*** Opening Task data ***

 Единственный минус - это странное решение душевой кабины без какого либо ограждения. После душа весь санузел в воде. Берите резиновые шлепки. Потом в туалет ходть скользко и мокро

*** Closing Task data ***
*** Opening Task data ***

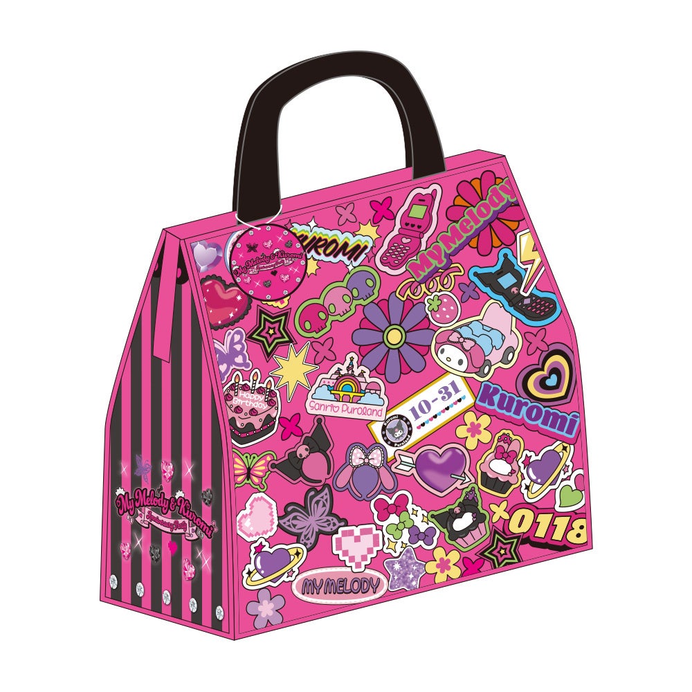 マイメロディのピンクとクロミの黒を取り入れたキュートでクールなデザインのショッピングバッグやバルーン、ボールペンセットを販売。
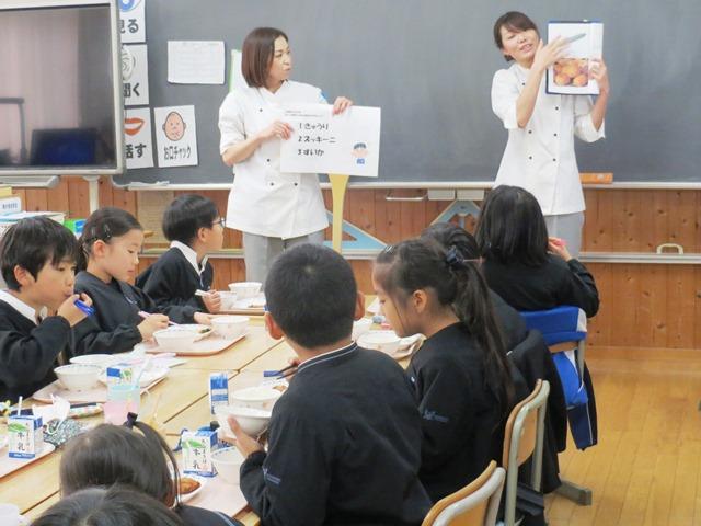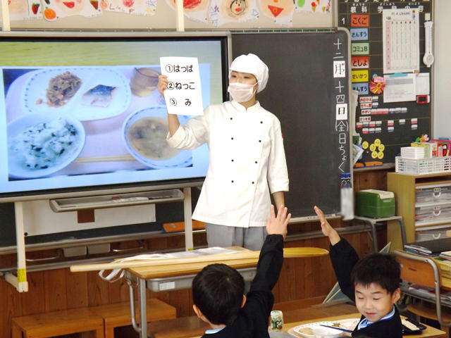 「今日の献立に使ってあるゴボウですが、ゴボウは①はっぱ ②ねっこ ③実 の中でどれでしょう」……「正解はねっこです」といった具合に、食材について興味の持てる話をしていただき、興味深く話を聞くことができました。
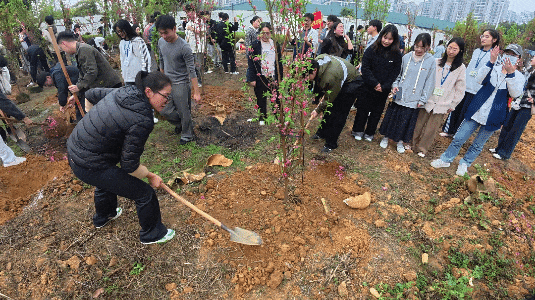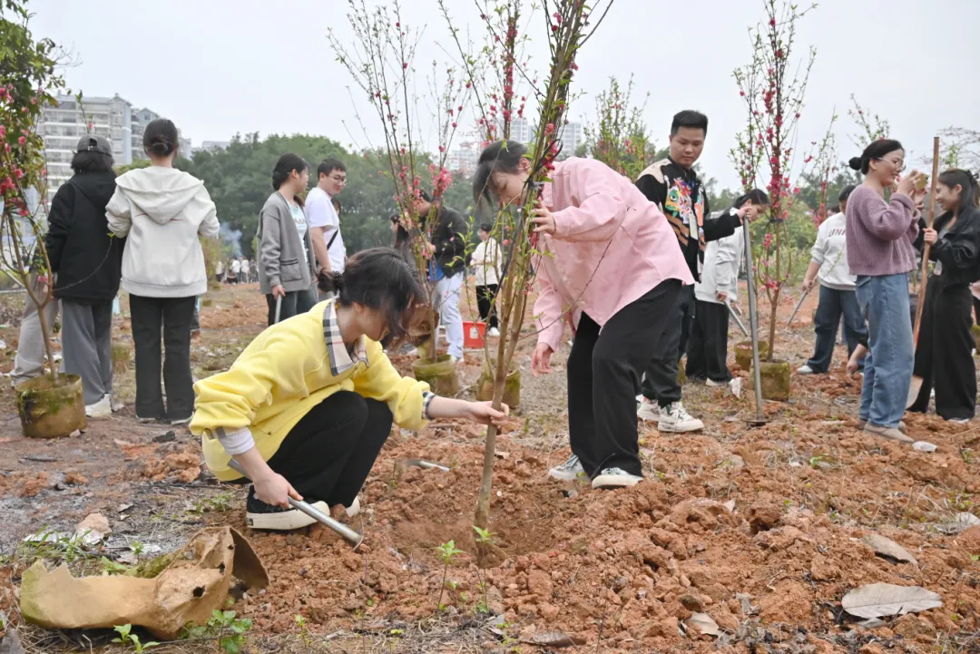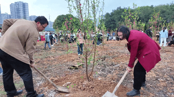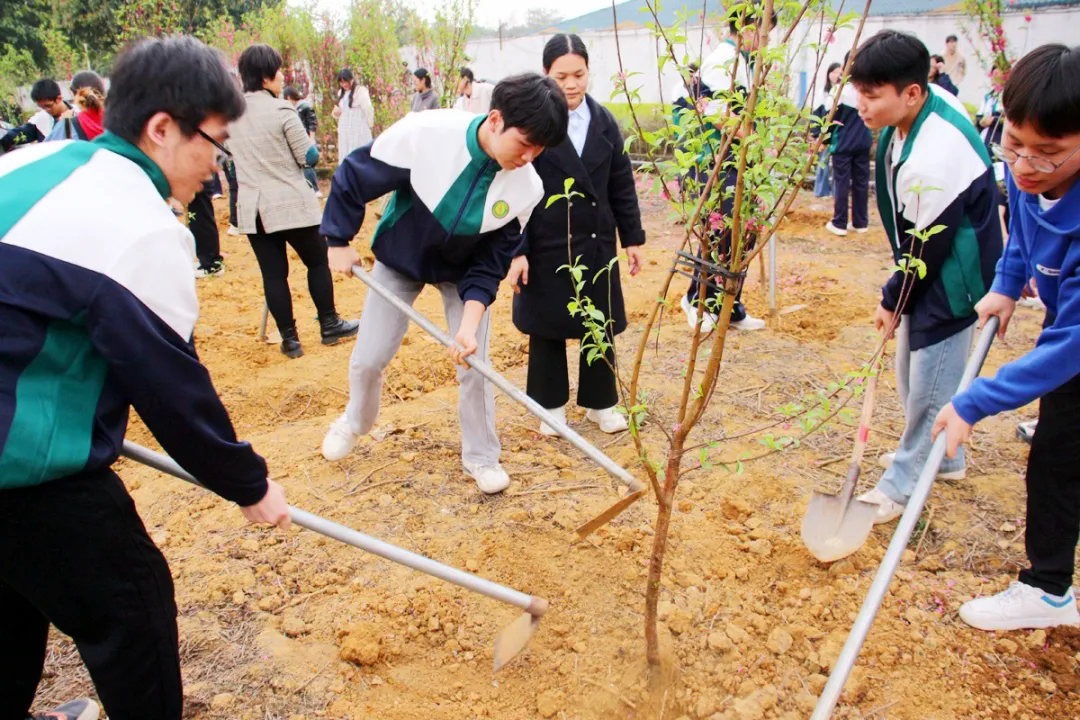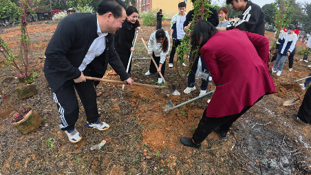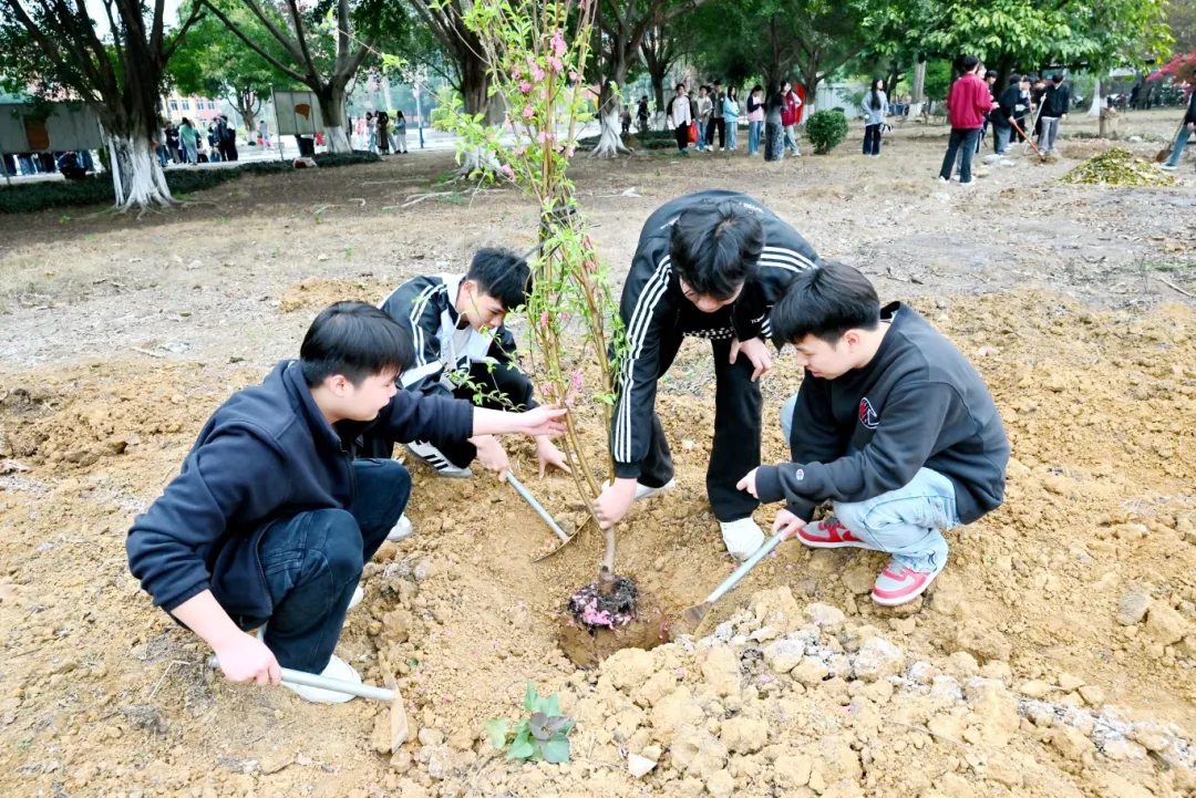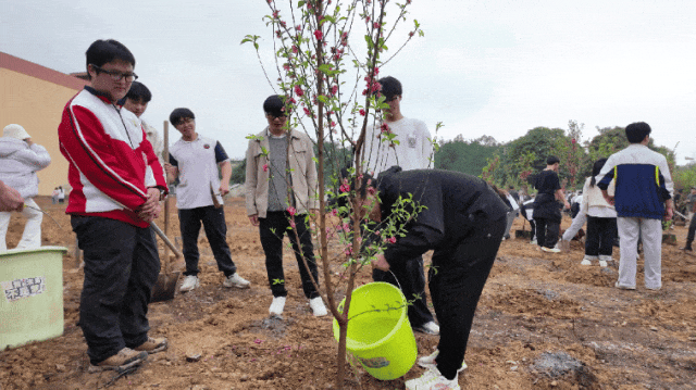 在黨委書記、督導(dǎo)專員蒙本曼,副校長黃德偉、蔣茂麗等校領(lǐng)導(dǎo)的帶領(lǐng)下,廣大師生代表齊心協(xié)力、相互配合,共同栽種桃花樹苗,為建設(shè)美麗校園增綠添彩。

*** Closing Task data ***
*** Opening Task data ***

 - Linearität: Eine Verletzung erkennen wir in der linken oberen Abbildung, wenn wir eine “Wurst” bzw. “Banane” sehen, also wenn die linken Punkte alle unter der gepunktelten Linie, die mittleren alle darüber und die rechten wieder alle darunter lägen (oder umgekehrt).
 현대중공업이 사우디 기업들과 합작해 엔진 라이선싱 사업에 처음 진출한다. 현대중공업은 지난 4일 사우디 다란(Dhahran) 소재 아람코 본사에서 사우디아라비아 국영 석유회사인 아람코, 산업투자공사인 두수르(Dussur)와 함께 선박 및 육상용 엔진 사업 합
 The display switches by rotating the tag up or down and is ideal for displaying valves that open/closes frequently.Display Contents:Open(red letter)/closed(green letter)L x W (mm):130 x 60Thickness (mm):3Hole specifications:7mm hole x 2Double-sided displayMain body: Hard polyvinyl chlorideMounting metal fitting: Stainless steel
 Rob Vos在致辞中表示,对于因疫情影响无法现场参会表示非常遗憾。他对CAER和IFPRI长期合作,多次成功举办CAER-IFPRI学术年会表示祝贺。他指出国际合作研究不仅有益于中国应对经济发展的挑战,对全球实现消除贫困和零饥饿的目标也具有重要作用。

*** Closing Task data ***

Exercise aim
Please transcribe exactly the part of the records that opens with the line containing "マイメロディのピンクとクロミ" and closes with the line containing "在黨委書記、督導(dǎo)專", both ends included, and leave out the pictures.

Result for this task
 マイメロディのピンクとクロミの黒を取り入れたキュートでクールなデザインのショッピングバッグやバルーン、ボールペンセットを販売。
 「今日の献立に使ってあるゴボウですが、ゴボウは①はっぱ ②ねっこ ③実 の中でどれでしょう」……「正解はねっこです」といった具合に、食材について興味の持てる話をしていただき、興味深く話を聞くことができました。
 在黨委書記、督導(dǎo)專員蒙本曼,副校長黃德偉、蔣茂麗等校領(lǐng)導(dǎo)的帶領(lǐng)下,廣大師生代表齊心協(xié)力、相互配合,共同栽種桃花樹苗,為建設(shè)美麗校園增綠添彩。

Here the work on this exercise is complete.